**GIVEN DATA:**
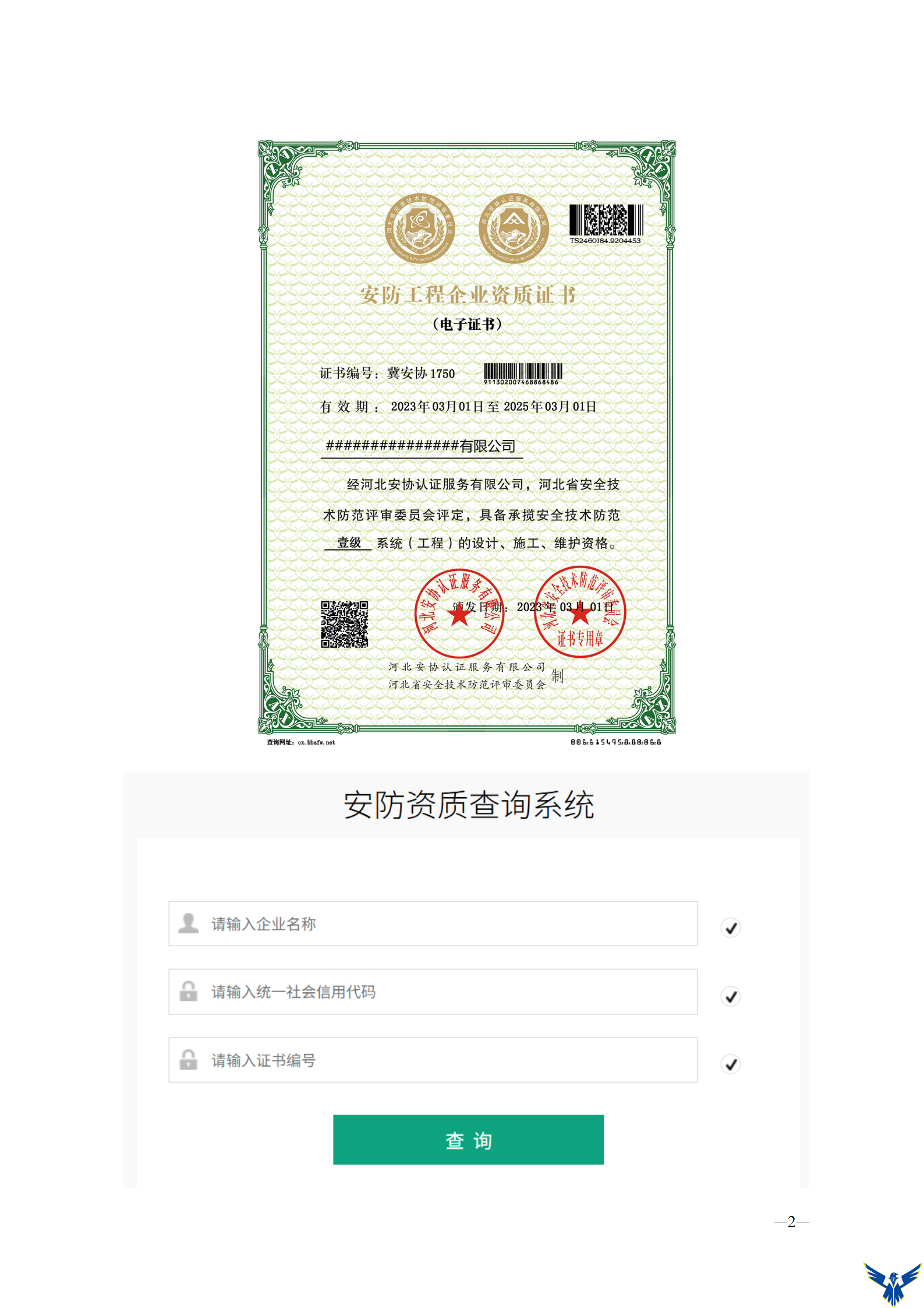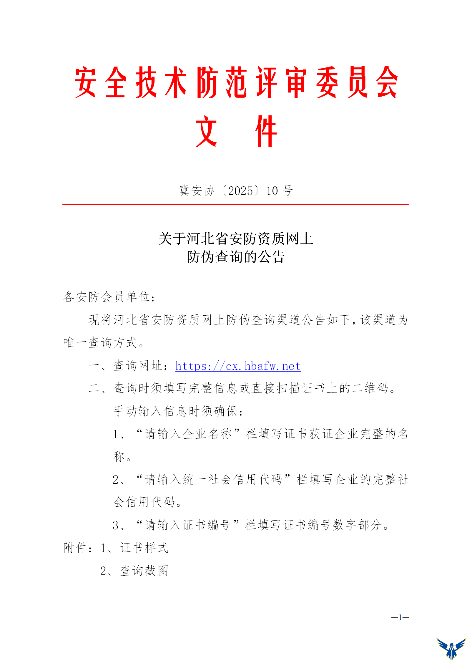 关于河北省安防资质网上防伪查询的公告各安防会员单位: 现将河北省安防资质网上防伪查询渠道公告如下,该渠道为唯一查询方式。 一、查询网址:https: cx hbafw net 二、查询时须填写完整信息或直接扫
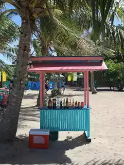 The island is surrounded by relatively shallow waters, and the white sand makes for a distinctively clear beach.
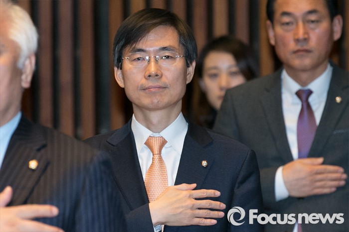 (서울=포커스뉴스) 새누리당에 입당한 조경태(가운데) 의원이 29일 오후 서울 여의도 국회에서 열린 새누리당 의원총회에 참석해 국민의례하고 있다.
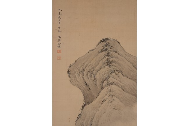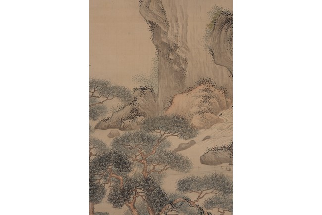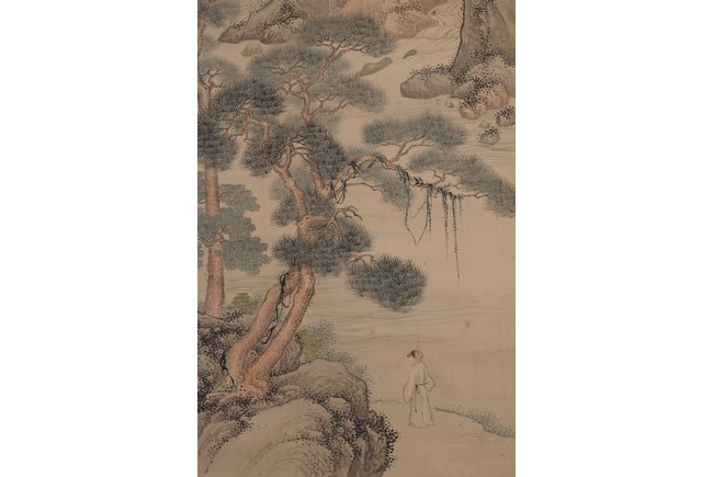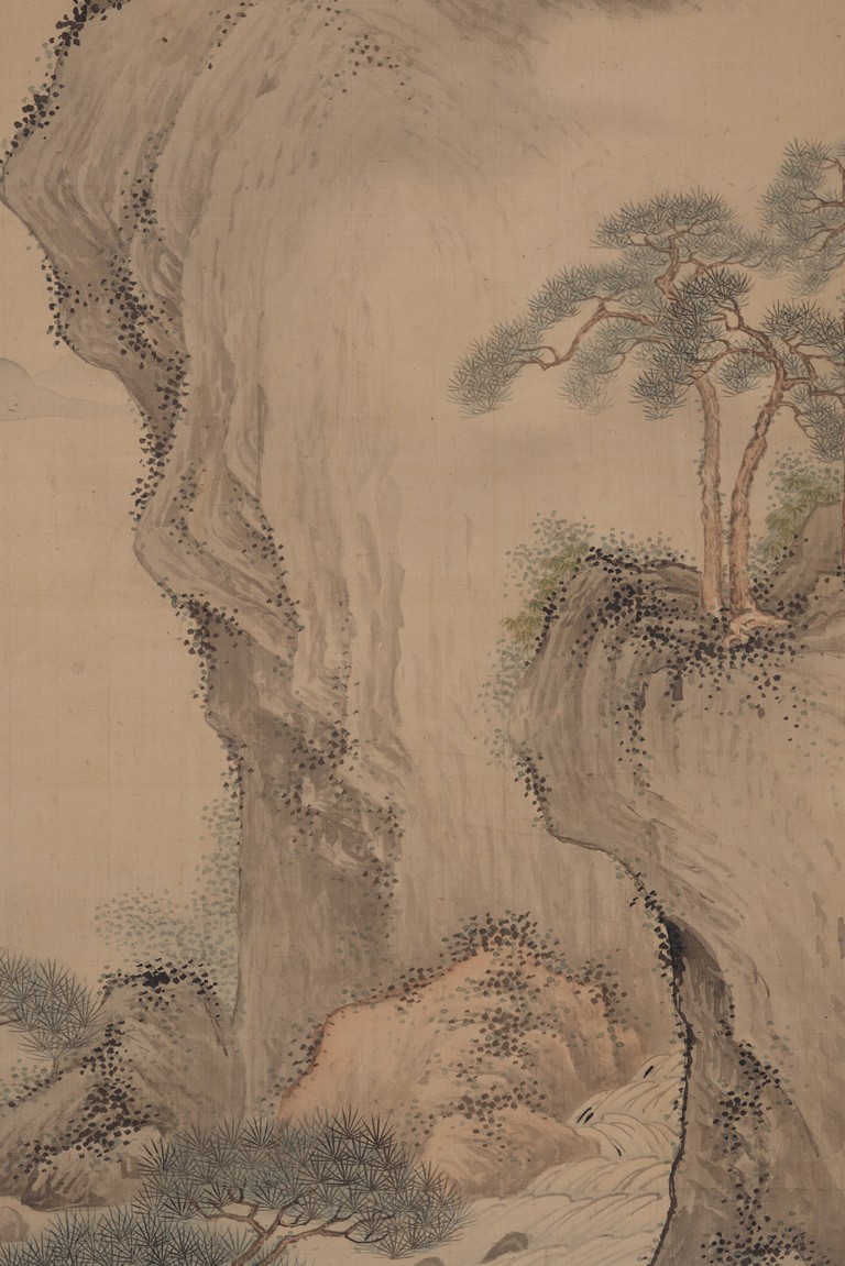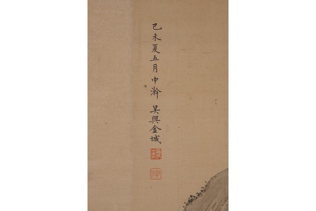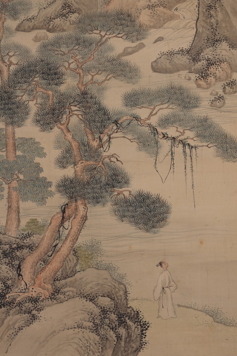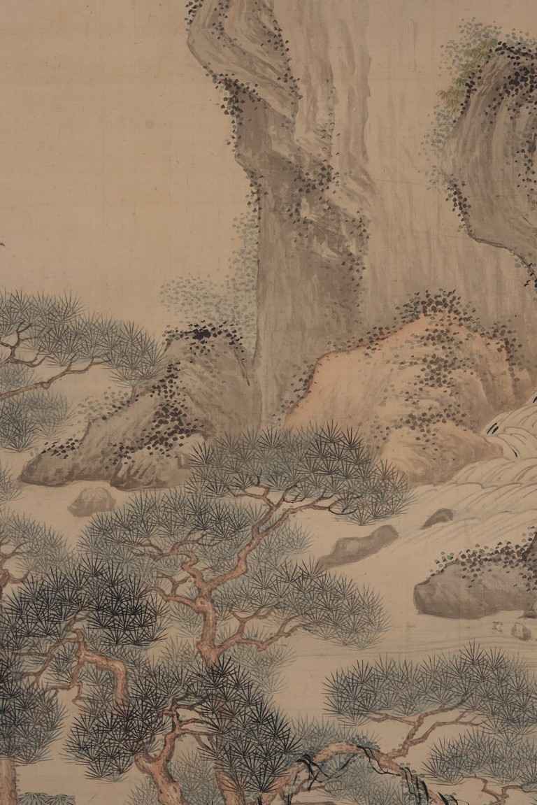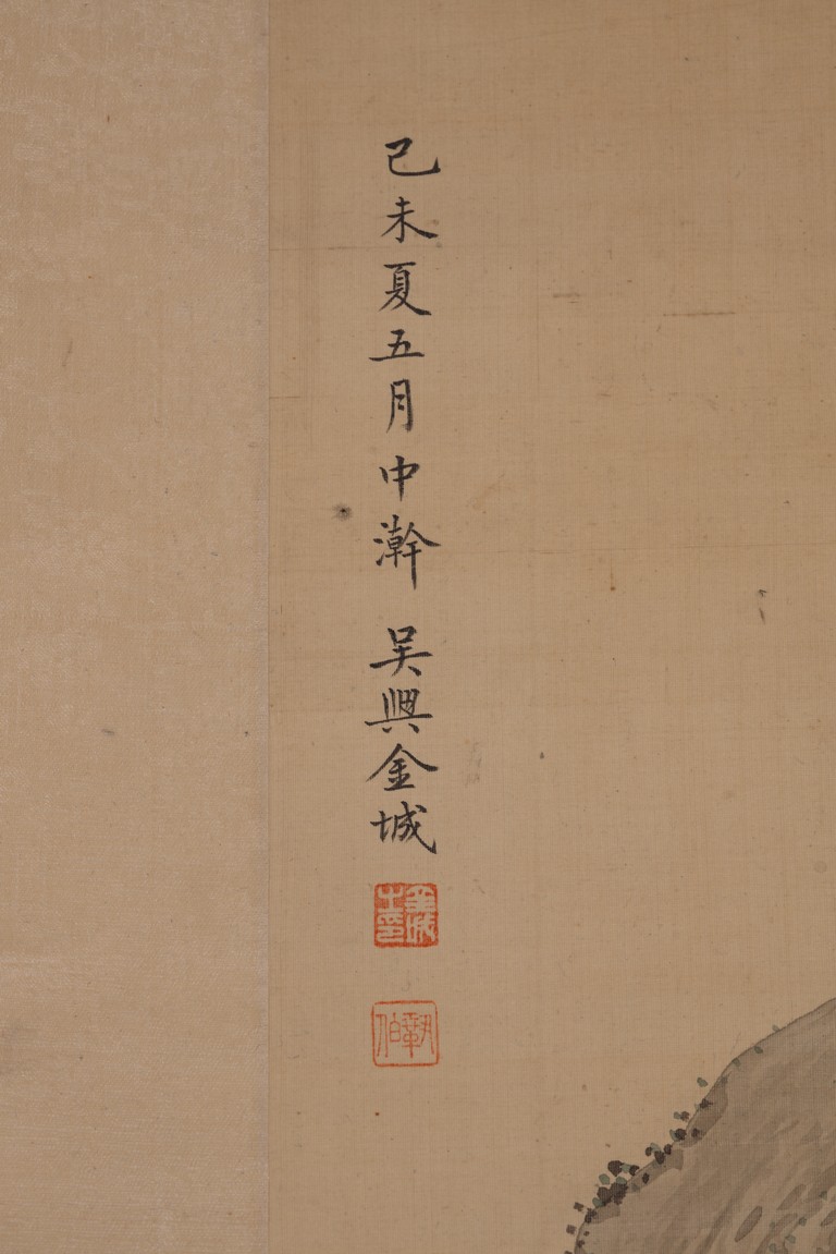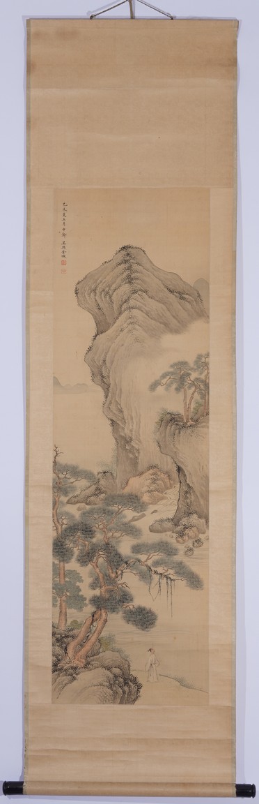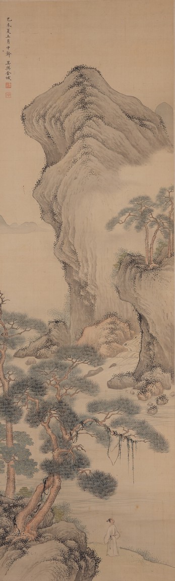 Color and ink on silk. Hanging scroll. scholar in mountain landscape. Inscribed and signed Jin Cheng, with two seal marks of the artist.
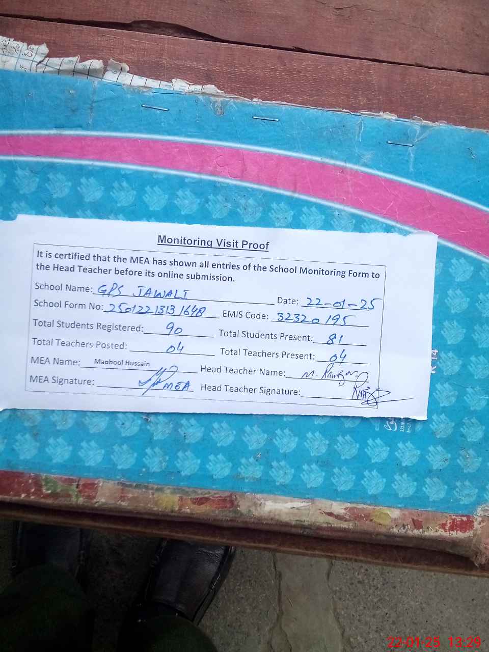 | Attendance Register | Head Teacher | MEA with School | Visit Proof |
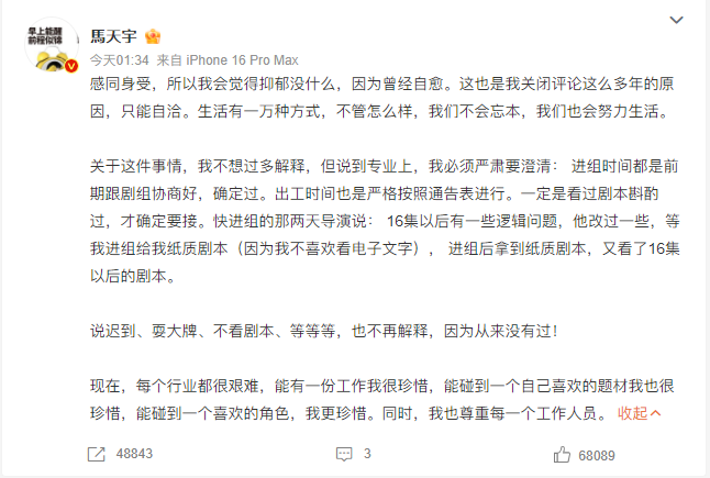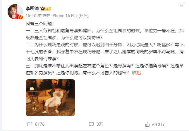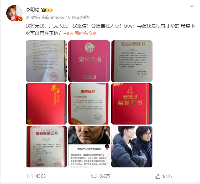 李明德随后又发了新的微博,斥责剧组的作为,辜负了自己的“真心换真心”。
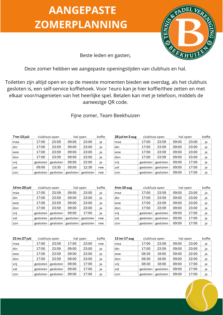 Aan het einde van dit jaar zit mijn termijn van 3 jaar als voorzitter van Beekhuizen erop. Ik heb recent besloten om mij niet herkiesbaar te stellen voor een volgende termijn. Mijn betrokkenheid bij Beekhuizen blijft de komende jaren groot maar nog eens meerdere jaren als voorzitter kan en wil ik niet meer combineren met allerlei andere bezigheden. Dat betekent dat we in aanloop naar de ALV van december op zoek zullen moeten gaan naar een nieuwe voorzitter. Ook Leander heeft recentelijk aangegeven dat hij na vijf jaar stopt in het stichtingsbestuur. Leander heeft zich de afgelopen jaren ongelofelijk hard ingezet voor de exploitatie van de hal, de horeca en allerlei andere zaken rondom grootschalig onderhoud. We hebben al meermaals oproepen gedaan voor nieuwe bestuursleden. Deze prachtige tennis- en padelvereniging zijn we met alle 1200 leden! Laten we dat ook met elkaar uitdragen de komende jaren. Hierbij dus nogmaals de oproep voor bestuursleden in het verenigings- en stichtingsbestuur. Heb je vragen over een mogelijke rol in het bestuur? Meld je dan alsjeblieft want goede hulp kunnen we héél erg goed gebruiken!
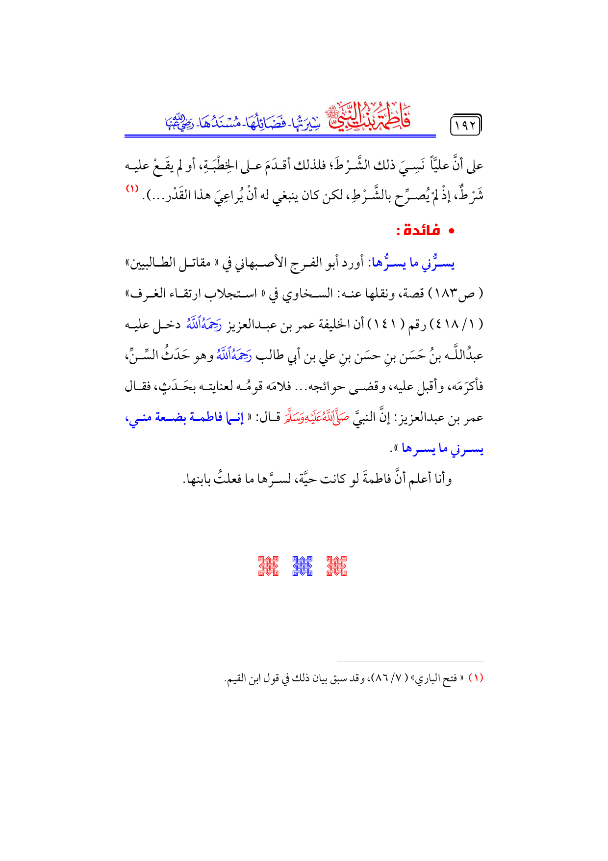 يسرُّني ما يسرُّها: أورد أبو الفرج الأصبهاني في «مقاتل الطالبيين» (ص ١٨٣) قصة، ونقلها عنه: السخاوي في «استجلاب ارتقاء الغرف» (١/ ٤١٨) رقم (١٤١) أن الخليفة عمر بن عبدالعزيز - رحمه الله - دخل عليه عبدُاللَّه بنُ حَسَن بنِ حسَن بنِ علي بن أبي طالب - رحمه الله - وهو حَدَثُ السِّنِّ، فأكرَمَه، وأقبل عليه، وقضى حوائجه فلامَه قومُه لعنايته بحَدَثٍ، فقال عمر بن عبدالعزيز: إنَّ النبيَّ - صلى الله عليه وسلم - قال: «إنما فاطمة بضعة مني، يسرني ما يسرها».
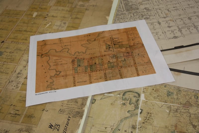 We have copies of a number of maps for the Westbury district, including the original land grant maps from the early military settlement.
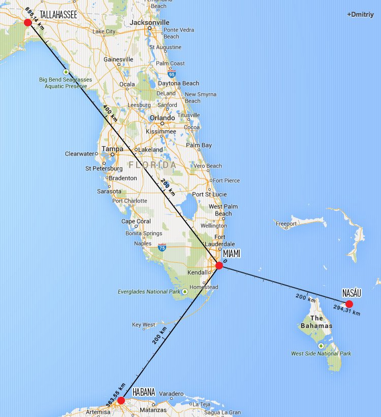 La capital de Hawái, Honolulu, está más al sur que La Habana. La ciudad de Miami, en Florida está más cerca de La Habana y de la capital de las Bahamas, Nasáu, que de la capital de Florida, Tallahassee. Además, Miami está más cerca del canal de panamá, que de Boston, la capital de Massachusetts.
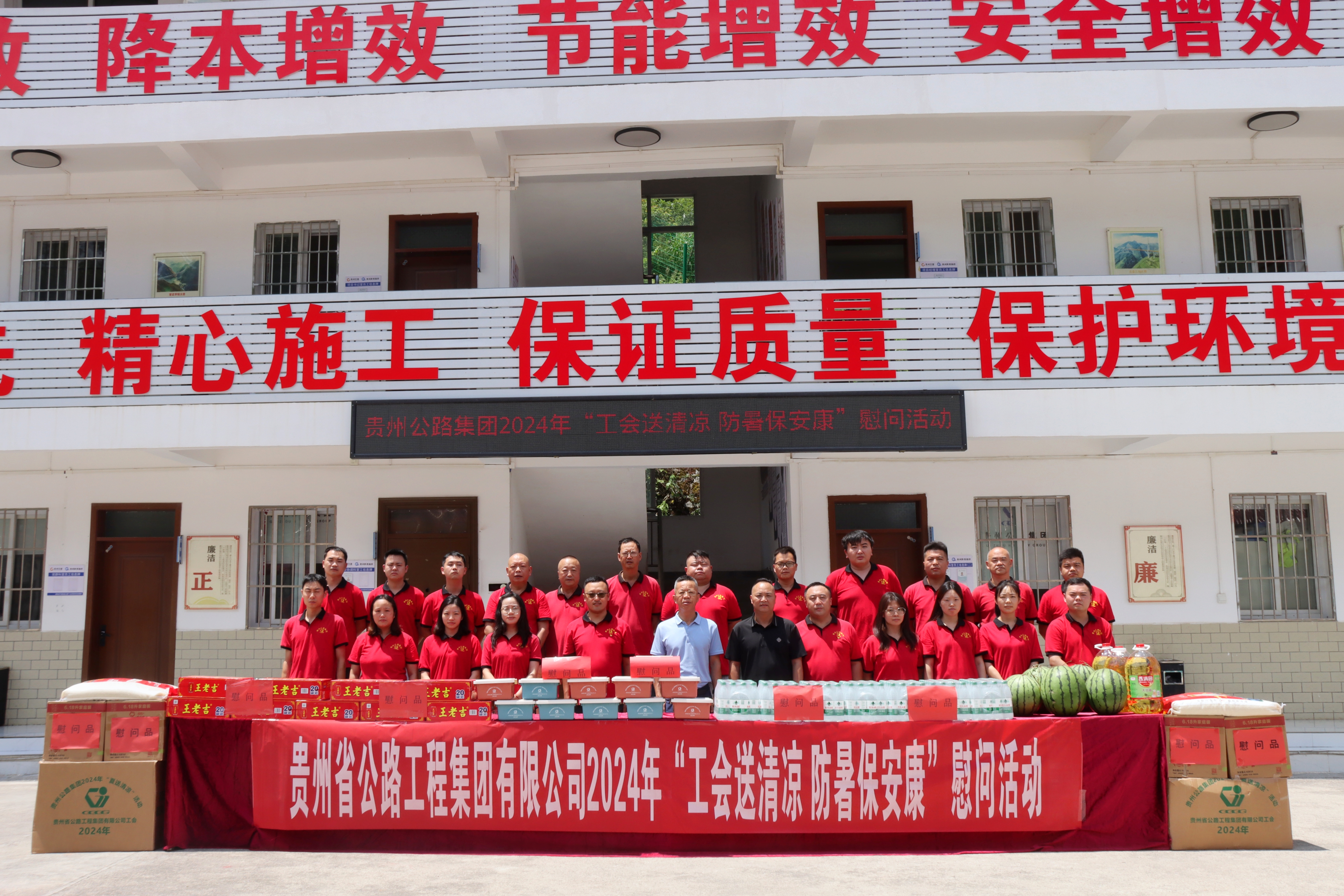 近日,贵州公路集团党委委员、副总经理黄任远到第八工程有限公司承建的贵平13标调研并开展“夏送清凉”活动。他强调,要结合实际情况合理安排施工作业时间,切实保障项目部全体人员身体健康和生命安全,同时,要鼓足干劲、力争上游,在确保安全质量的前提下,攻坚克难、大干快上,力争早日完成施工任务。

**WHAT THE TASK ASKS:** In the copy, include every line of the records exactly and none of the images.

**SOLUTION TO THIS EXERCISE:**
 关于河北省安防资质网上防伪查询的公告各安防会员单位: 现将河北省安防资质网上防伪查询渠道公告如下,该渠道为唯一查询方式。 一、查询网址:https: cx hbafw net 二、查询时须填写完整信息或直接扫
 The island is surrounded by relatively shallow waters, and the white sand makes for a distinctively clear beach.
 (서울=포커스뉴스) 새누리당에 입당한 조경태(가운데) 의원이 29일 오후 서울 여의도 국회에서 열린 새누리당 의원총회에 참석해 국민의례하고 있다.
 Color and ink on silk. Hanging scroll. scholar in mountain landscape. Inscribed and signed Jin Cheng, with two seal marks of the artist.
 | Attendance Register | Head Teacher | MEA with School | Visit Proof |
 李明德随后又发了新的微博,斥责剧组的作为,辜负了自己的“真心换真心”。
 Aan het einde van dit jaar zit mijn termijn van 3 jaar als voorzitter van Beekhuizen erop. Ik heb recent besloten om mij niet herkiesbaar te stellen voor een volgende termijn. Mijn betrokkenheid bij Beekhuizen blijft de komende jaren groot maar nog eens meerdere jaren als voorzitter kan en wil ik niet meer combineren met allerlei andere bezigheden. Dat betekent dat we in aanloop naar de ALV van december op zoek zullen moeten gaan naar een nieuwe voorzitter. Ook Leander heeft recentelijk aangegeven dat hij na vijf jaar stopt in het stichtingsbestuur. Leander heeft zich de afgelopen jaren ongelofelijk hard ingezet voor de exploitatie van de hal, de horeca en allerlei andere zaken rondom grootschalig onderhoud. We hebben al meermaals oproepen gedaan voor nieuwe bestuursleden. Deze prachtige tennis- en padelvereniging zijn we met alle 1200 leden! Laten we dat ook met elkaar uitdragen de komende jaren. Hierbij dus nogmaals de oproep voor bestuursleden in het verenigings- en stichtingsbestuur. Heb je vragen over een mogelijke rol in het bestuur? Meld je dan alsjeblieft want goede hulp kunnen we héél erg goed gebruiken!
 يسرُّني ما يسرُّها: أورد أبو الفرج الأصبهاني في «مقاتل الطالبيين» (ص ١٨٣) قصة، ونقلها عنه: السخاوي في «استجلاب ارتقاء الغرف» (١/ ٤١٨) رقم (١٤١) أن الخليفة عمر بن عبدالعزيز - رحمه الله - دخل عليه عبدُاللَّه بنُ حَسَن بنِ حسَن بنِ علي بن أبي طالب - رحمه الله - وهو حَدَثُ السِّنِّ، فأكرَمَه، وأقبل عليه، وقضى حوائجه فلامَه قومُه لعنايته بحَدَثٍ، فقال عمر بن عبدالعزيز: إنَّ النبيَّ - صلى الله عليه وسلم - قال: «إنما فاطمة بضعة مني، يسرني ما يسرها».
 We have copies of a number of maps for the Westbury district, including the original land grant maps from the early military settlement.
 La capital de Hawái, Honolulu, está más al sur que La Habana. La ciudad de Miami, en Florida está más cerca de La Habana y de la capital de las Bahamas, Nasáu, que de la capital de Florida, Tallahassee. Además, Miami está más cerca del canal de panamá, que de Boston, la capital de Massachusetts.
 近日,贵州公路集团党委委员、副总经理黄任远到第八工程有限公司承建的贵平13标调研并开展“夏送清凉”活动。他强调,要结合实际情况合理安排施工作业时间,切实保障项目部全体人员身体健康和生命安全,同时,要鼓足干劲、力争上游,在确保安全质量的前提下,攻坚克难、大干快上,力争早日完成施工任务。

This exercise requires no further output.